It's maybe because some of us 'friggin' geniuses' understand that peanut oil is very *rarely* (if ever) used in American peanut butter. They use soy or other types of veg extract as stabilizer.
It also makes no sense to use peanut oil in peanut butter because the economics are that peanut oil is way more valuable as a pharmaceutical component.
The brand that I dearly miss from back home, which is widely available in the states at nearly any grocery store you walk into, is a natural "whole" peanut butter. The use of the term "whole" conveys to me that its main composition is from the peanut family. They sell "whole" peanut butter here in the UK but here "whole" only seems to mean that they don't add sugar or all the wonderful preservatives, partially hydrogenated oils, and stabilizers and god knows what other chems. For that I am grateful. The downfall is that, instead of peanuts, peanut oil, and salt, they use palm or some other non-peanut oil. To me, that's not "whole" and the taste is nowhere near comparable to what I consider to be real peanut butter. It's not even in the same ballpark.

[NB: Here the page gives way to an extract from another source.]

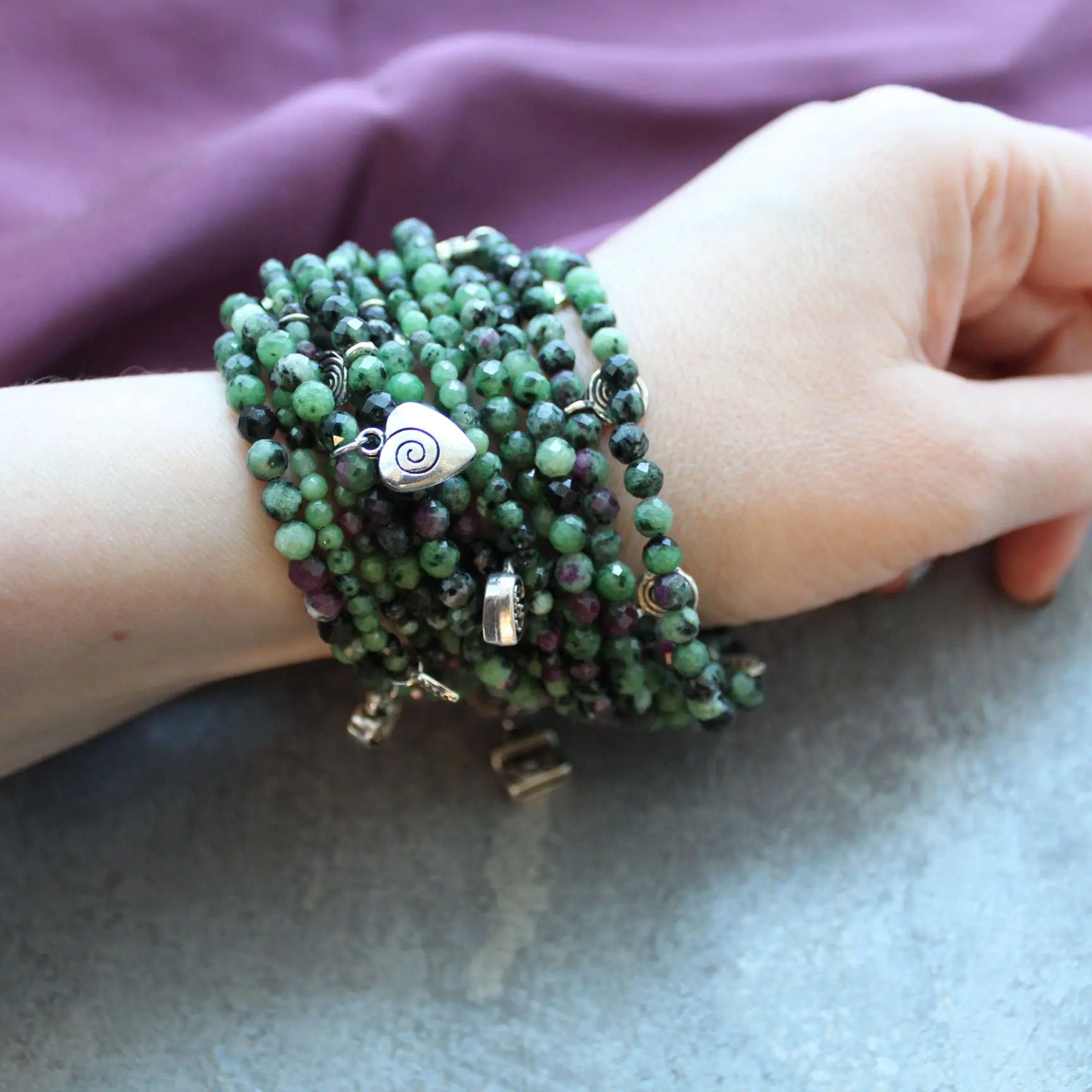 Браслет состоит из 13 слоев, украшенных маленькими серебряными подвесками с самыми древними символами лабиринта, бесконечности.

As for economics of peanut butter in the UK and the pharmaceutical components of peanut oil, I confess to know nothing. But, as mentioned above, the un-peanut butter they sell here is quite cheap and my guess is it wouldn't cost much more to sell an unadulterated version. Peanut oil is a high quality oil. What most of the british pnut butter uses - and skippy and jif - is some of the lowest quality, cheapest oil you can possibly purchase.